- Interactive map of Kabira Shell Midden
- 24°28′01″N 124°07′58″E﻿ / ﻿24.46694°N 124.13278°E
- Type: shell midden
- Location: Ishigaki, Okinawa, Japan
- Region: Okinawa

Site notes
- Public access: Yes (no facilities at site)

= Kabira Shell Mound =

Archaeological site in Iejima, Okinawa, Japan

The Kabira Shell Midden (川平貝塚, Kabira kaizuka) is an archaeological site in what is now the Kabira neighborhood of the city of Ishigaki, Okinawa Prefecture, Japan. The site was designated a National Historic Site in 1986.

==Overview==
The Kabira Shell Mound is located on a low, independent hill in the center of the peninsula that juts northwest of Ishigaki Island, separating Kabira Bay and Sakieda Bay. It was first excavated in 1904 by Tokyo University’s Dr Torii Ryuzo, and was the first site discovered in the Yaeyama Islands.

The site is considered important for understanding the culture of the Sakishima Islands, which differs from that of the Okinawa Islands, having a stronger connection to the Jōmon people of mainland Japan.
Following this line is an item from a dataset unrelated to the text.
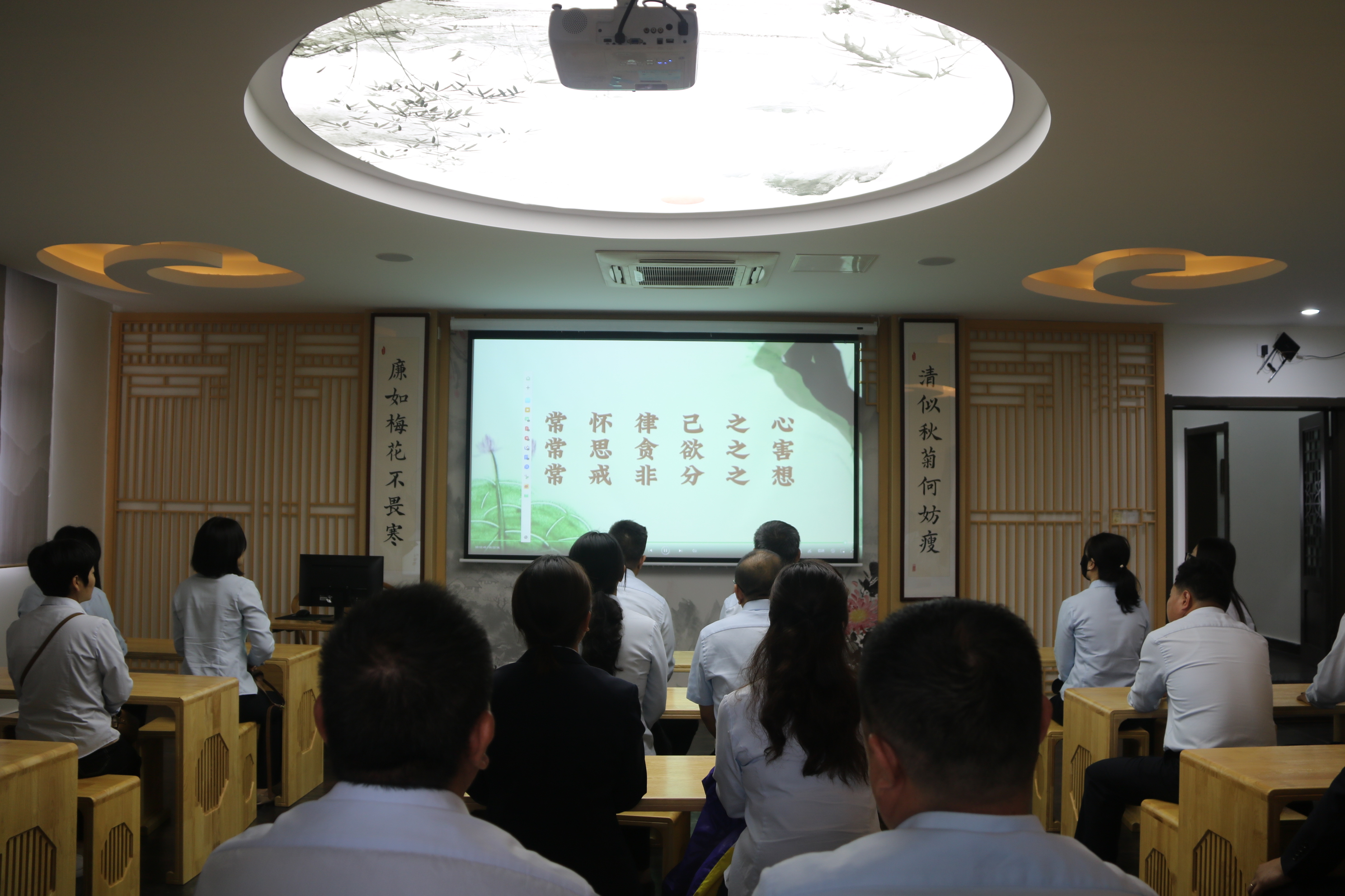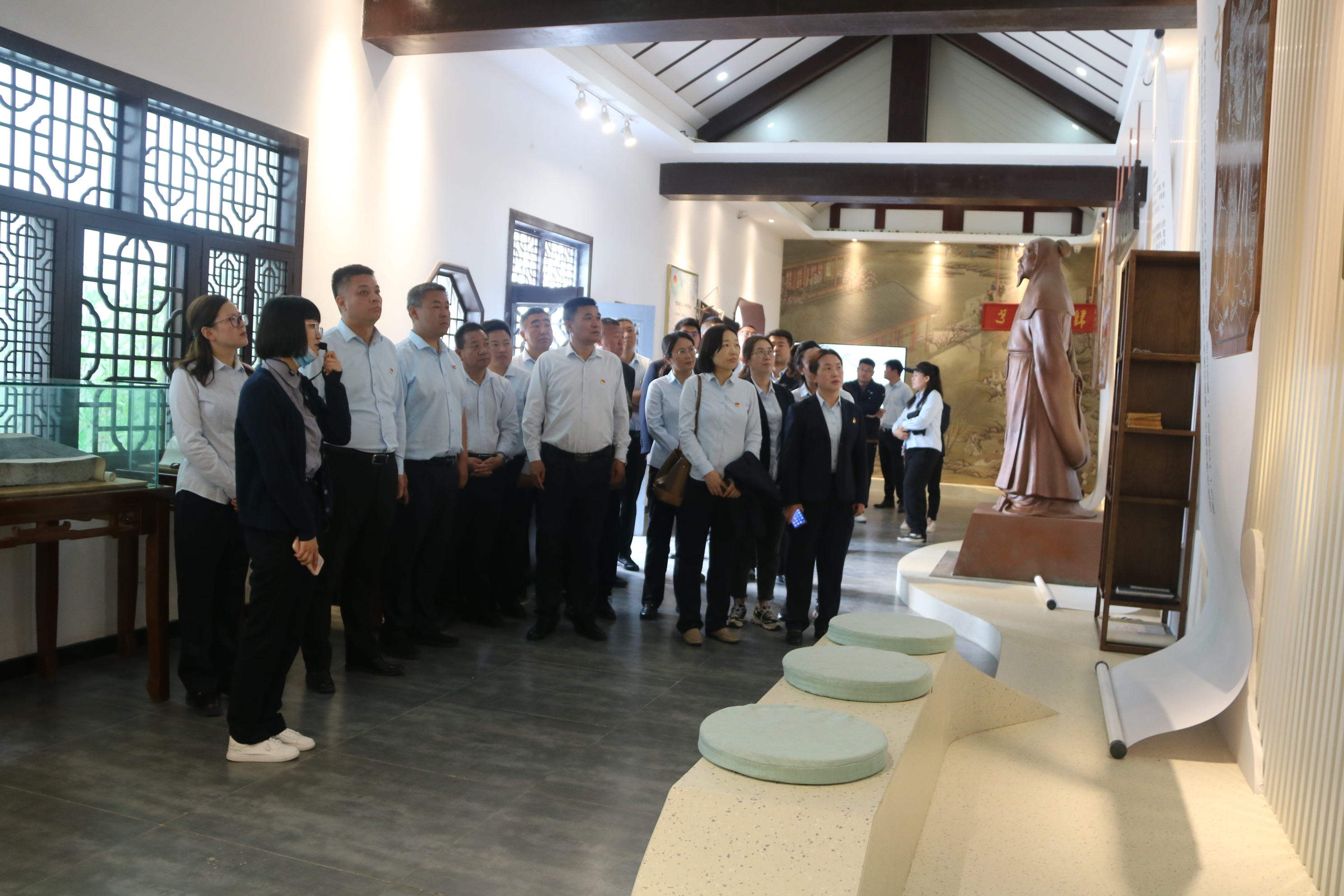 在陶渊明文化园,大家参观了融牌楼、雕像、陶公祠、靖节书院、靖节茶院等景观,认真聆听了陶渊明廉洁齐家、守正不阿、勤政为民、安贫乐道的故事,现场观看了廉政教育短片。

Artifacts discovered in the midden include pottery, celadon, stone axes, concave stones, stone pestles, stone plates, shell plates and shells, and mammal and fish bones. Yaeyama pottery is clearly distinct from that of Okinawa's main island, instead suggesting a connection to Taiwan, most notably to the Yami tribe of Orchid Island. The pottery’s horizontal handles are an important characteristic of Yaeyama pottery, leading to its being named "outer ear pottery.”

Based on the discovery of Chinese celadon pottery, the site is estimated to date to the 15th or 16th century.